One of the terrible ironies of all this is that the Voting Rights Act has been undermined by gerrymandering. Sure, districts are drawn to embrace majorities of Hispanic, black or other minority voters where possible. But, in the end, those minority incumbents are as unbeatable as their Anglo colleagues. The result is that the VRA has become simply an instrument to return racial minority incumbents to office as easily as white incumbents. Meanwhile, minority voters are given as poor a choice on Election Day as their white counterparts.
Some would say this is progress in the march towards racial equality and fairness: elections are equally uncompetitive and voters have equally poor choices regardless of their race, creed, gender and so forth.
But, the Voting Rights Act and elections are about the rights of voters—not the interests of elected officials. Elections should provide voters with real choices among candidates. Elections should entail meaningful campaigns and appeals to voters every year. Instead, the product of some 50+ years of redistricting, gerrymandering, litigation and Supreme Court decisions is poor turnout, meaningless Election Day choices, gerrymandered districts and essentially unbeatable incumbents.
What is most appalling and disturbing is that the process in Virginia could be improved so easily. Twenty one states use nonpartisan redistricting commissions. This removes the conflict of interest from the districting process. Doing this decreases the likelihood of going to court because neutral districting principles (maintaining equal populations, tending to minority populations, respecting municipal boundaries) take precedence.
Instead, the conflicts of interest that inhere in the process render it appallingly expensive. As an example: since the legislature did a poor job drawing the congressional district lines last time around, a special master was called in at the cost of more than $80,000. You read that correctly: the taxpayers forked out $80,000 for someone to draw 11 districts—and there is no guaranty that they will pass constitutional muster.
To put this in perspective: $80,000 would hire one or two teachers for a year in most of our Commonwealth’s public school systems.
That fee does not include litigation costs, court fees, and the opportunity cost of dedicating legislators’ time to tweaking district lines that could be otherwise spent on the budget, health care, road, jobs, etc. Virginia has 40 Senate districts and 100 house districts. One can only imagine how much the taxpayers will bleed to pay consultants (instead of a commission) to draw district lines.
In defense of this system, legislators or apologists will argue that redistricting should be in the hands of elected officials because they know best what is in the interests of their constituents.
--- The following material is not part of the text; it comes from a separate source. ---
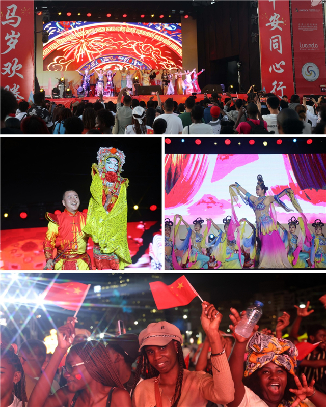 尤其是慰侨专场演出现场,当听到传统民乐唢呐、葫芦丝、笛子演奏《送别》《让我们荡起双桨》《月光下的凤尾竹》等华人华侨耳熟能详的曲目时,看到传承人手持京剧造型的木偶变脸和刀枪剑戟上下翻飞的武术表演时,很多华人华侨不禁热泪盈眶,跟着音乐节奏一起哼唱歌曲,与演员积极互动。演出结束后,许多观众久久不愿离去,纷纷与演员合影留念,安哥拉陕西总商会负责人激动地说:“今天使馆邀请到甘肃艺术团不远万里来到安哥拉慰问演出,让长期身在异国他乡的我们感受到来自祖国亲人们的问候,特别是精彩的文艺演出,向安哥拉当地民众生动展现了中国传统文化,作为中国人感到无比自豪和骄傲!”

But, if we end up turning the process over to private consultants and litigants, that connection is clearly broken. Virginia’s redistricting history over the past several decades indicates that this connection is seldom preserved.
So, redistricting serves the interests of incumbents, political consultants and litigants—all at the fiscal and democratic expense of the voters whose interests the process should be serving. It’s time to join the other 21 states that use redistricting commissions. End the gerrymandering of Virginia voters.